Bonfire Night last year was one of my most poignant times as a single mum. We had nowhere to go, with one child so young (18 months then) and, in truth, me not really getting around to being organized, such a struggle it was to get through the day (and those awful nights) alone.
I remember we watched - what I considered to be - a paltry amount of fireworks going off in other people's gardens through the upstairs back window. Yet the children were thrilled. They didn't know what they were missing and in the absence of this knowledge were overjoyed with their lot. A bit like I am with them, never having enjoyed the joy of a true unit, so to speak, with their dad.
I hadn't even considered an official display - but they do tend to be late and can be expensive. This year we are going to one, however. Things are very different. I am making an effort (but didn't over Halloween, help me God). We are going to friends for it and can go inside if needs be.

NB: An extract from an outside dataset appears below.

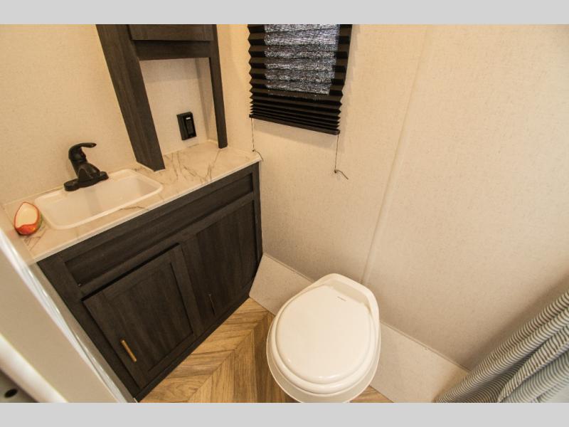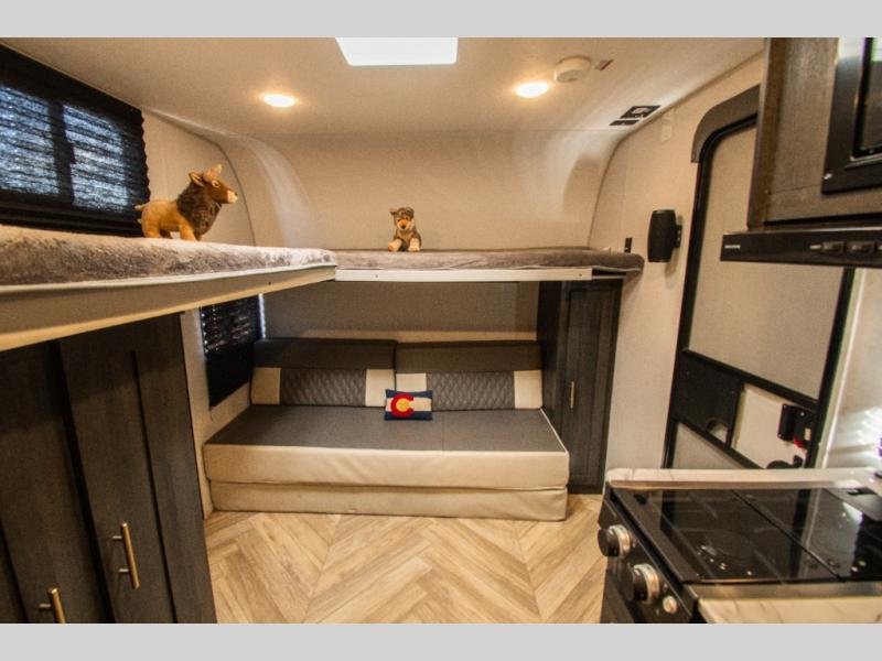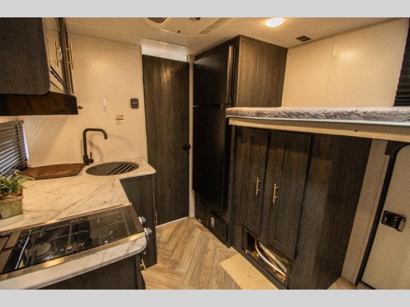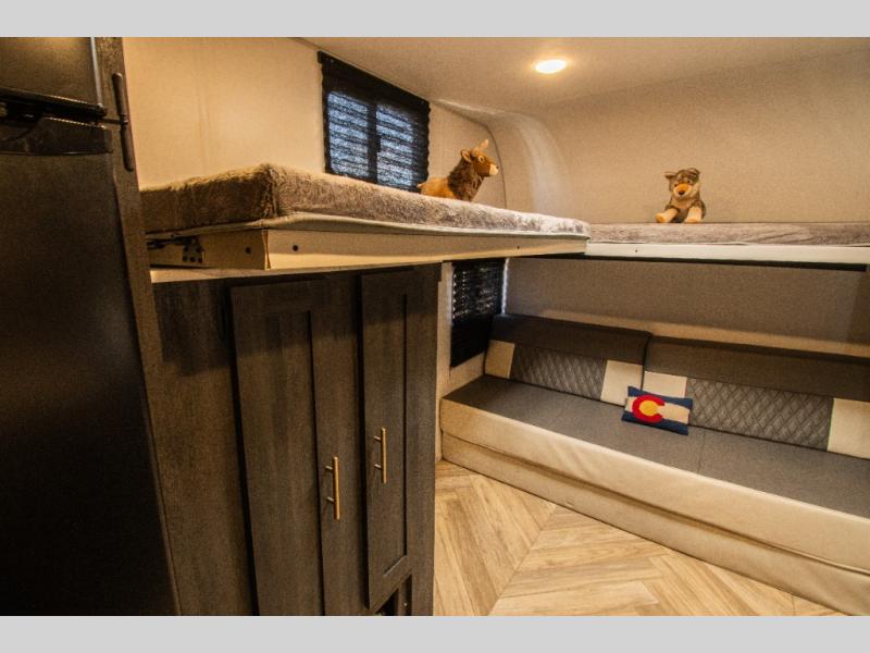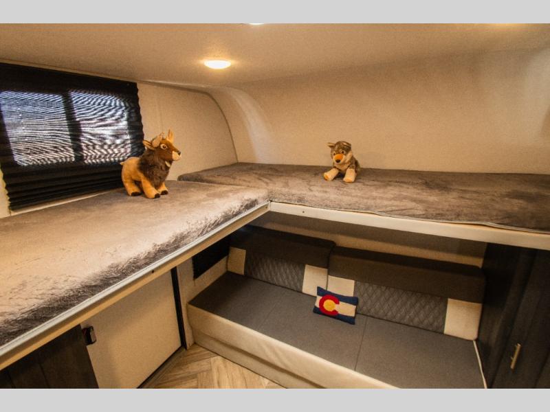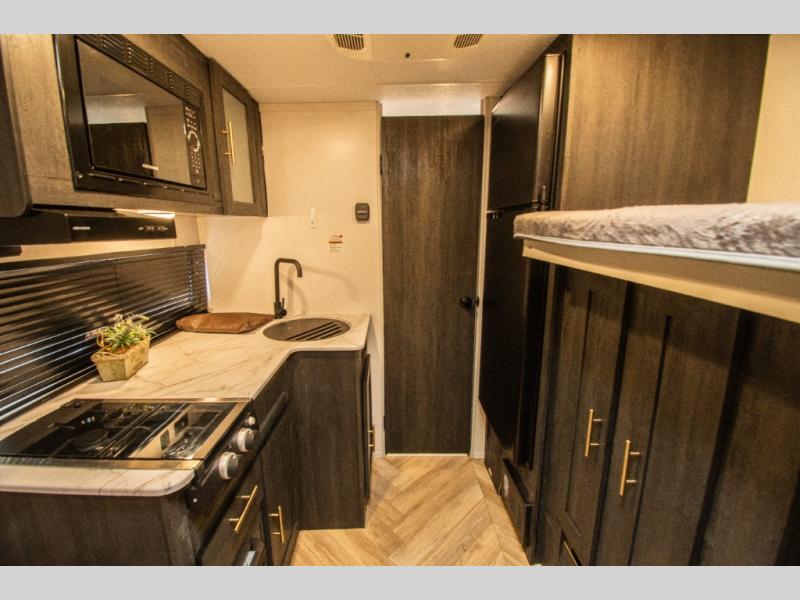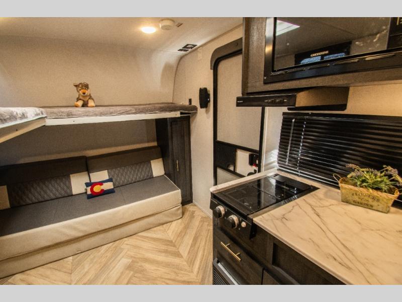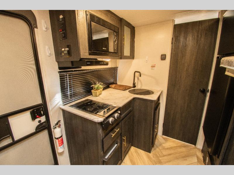 This single axle travel trailer is perfect for four campers since it includes a front queen bed with a flip-down bunk above, plus a second flip-down bunk across from the galley. There is a bike sized cargo door outside and a 24" tall removable cargo net inside so your gear stays secure. Meals can be prepared in the microwave or on the two burner cooktop, and there is an 11 cu. ft. double door 12V refrigerator for your perishables. After dinner you can head outdoors to relax under the 10' power awning with adjustable legs, and grab a cold drink from the outdoor refrigerator.

Watching it all from a distance can be the most lonely thing imagineable. There are no gunpowder smells, no heat from a rarely seen - nowadays - fantastic fire, no sparklers to draw in the night sky, no sausages or baked potatoes to eat, no sounds.
This year, at least, there are fireworks in my love life and I will never be looking back. Yet there are many single parents out there - to whom my heart will be going out - and who deserve better, who cannot be protecting their kids whilst setting off rockets, who probably can't afford such a luxury anyhow and who would love to be invited somewhere so their children can hear and smell and feel and taste - as well as see - Bonfire Night for themselves!